Doesn’t this intervention lead to less flexibility, or to a reduction in high availability? Clearly not. Let’s take a look at the various failure scenarios.
ESXi host failure
If one of the two hosts in DC1 fails, the remaining host will try to take over the VM workloads. If the resources of the host aren’t sufficient to take the load, our soft DRS rule will ensure that VMs can also be temporarily run on hosts in DC2. After the problem is resolved, DRS will migrate the VMs back.
Storage failure
In case of a storage failure, all VMs will perform a transparent path failover. This won’t cause any problems, because every LUN is accessible on every storage. After eliminating the problem, all VMs will access their local LUN on their local storage unit via their preferred (local) paths.
Proper planning
Of course, you have to spend a few thoughts in advance. The resource requirements (RAM, CPU) should be distributed more or less equally between the two data centers. Also the allocation of storage, or more precisely the accesses to it (i/o) should be even on average. VMs with active data exchange should be grouped on the same data center. This keeps the paths of the data packets short. If possible, several LUNs should be grouped into datastore clusters for each side. This will give storage-DRS flexibility for load balancing.
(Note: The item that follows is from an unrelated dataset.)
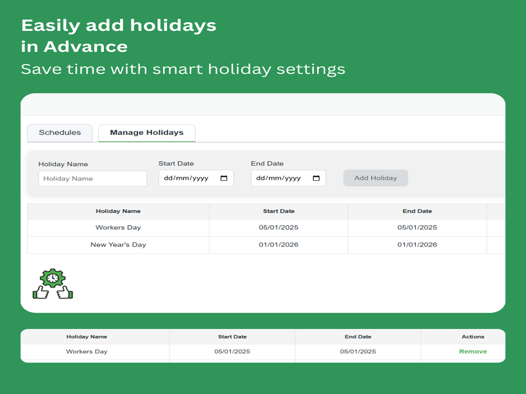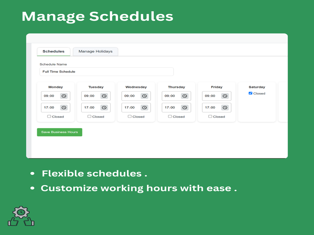 As part of this tool, you can easily define your team’s business hours and holidays, ensuring SLAs are measured accurately based on actual availability. Set it once, and let the app automatically adjust for holidays and off-hours.
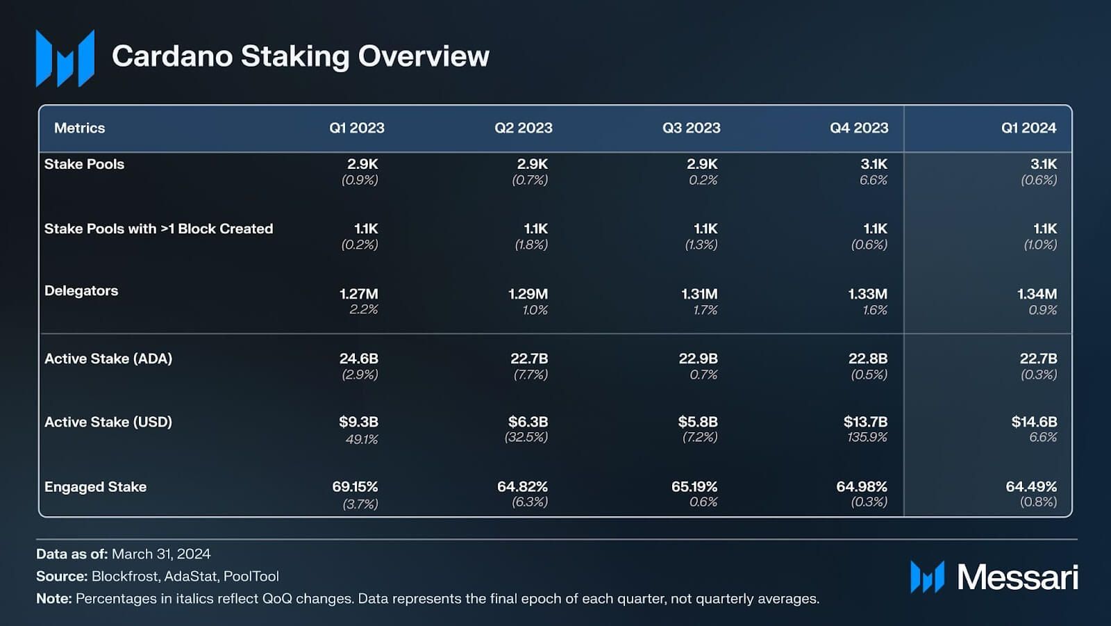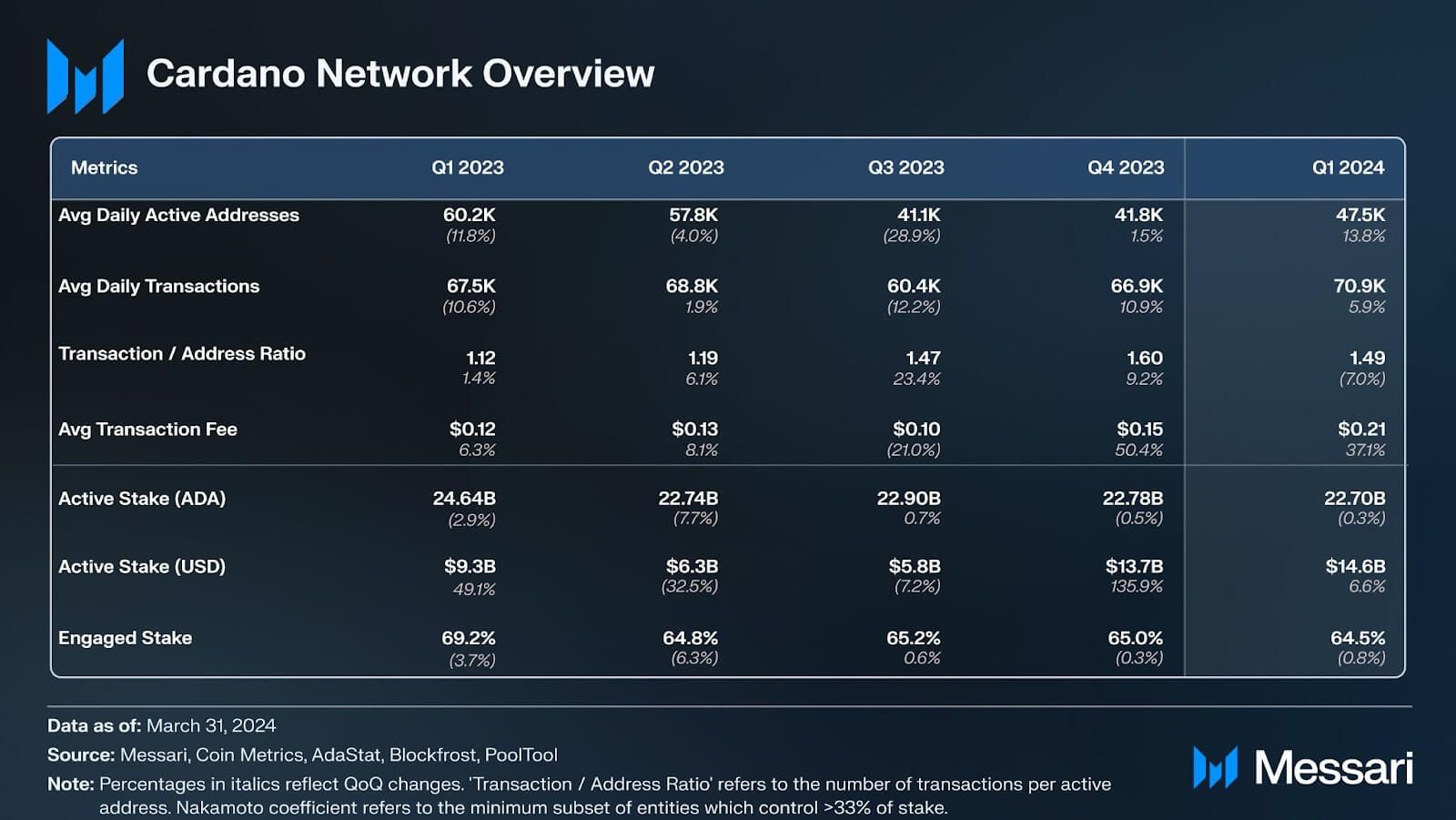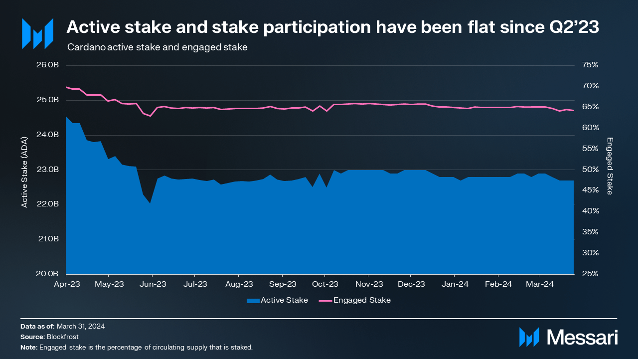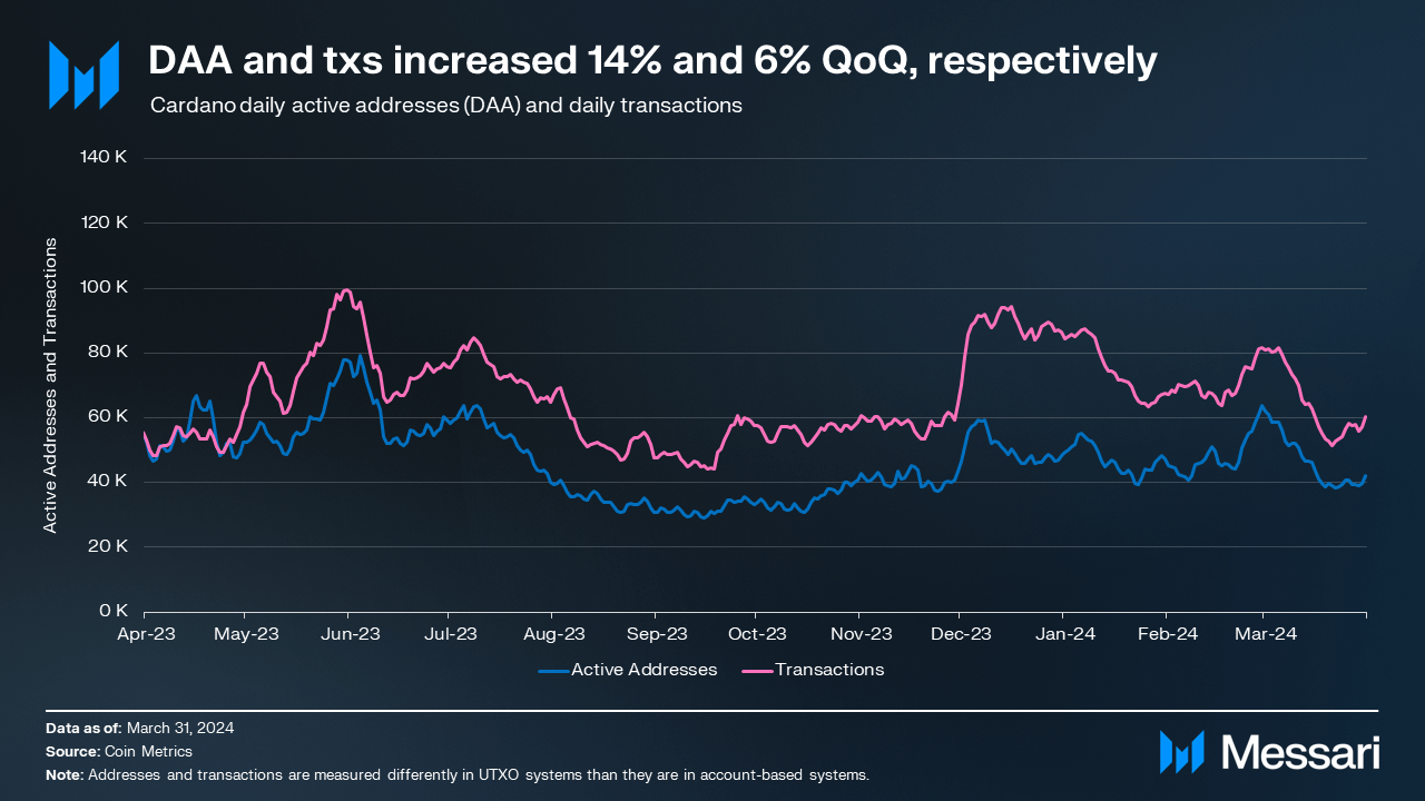 Relative to other networks, Cardano’s stablecoin market cap rank moved down from 32nd to 37th in Q1 2024, although still up from 54th in the start of 2023. Stable assets are ideal for pairing in liquidity pools, borrowing and lending, creating leverage, and providing quick escapes from volatility — all of which are quite common in the crypto market.

The total cluster load should be sized in such a way that even in case of failure of an entire data center, there’ll be still enough resources to run all VMs. This can be achieved with HA admission control.
If it turns out that VMs should change sides, it is important that the data store is also changed accordingly. If you don’t show discipline here, you’ll end up in a situation I’ve outlined in the beginning.
Tools
There are a number of useful tools to help you make the right sizing. VMware vRealize Operations can provide deep insight into the resource requirements of your VMs and might help you to plan resource allocation or redistribution, if necessary. VMware vRealize Network Insight can answer questions about inter-VM communication.
With limited budget you can utilize free software like RVTools. It’ll give you a good insight to all VMs, datastores, memory and CPU-requirement. Although it won’t provide any information about i/o you can use esxtop together with Perfmon to enrich the data gained with RVTools.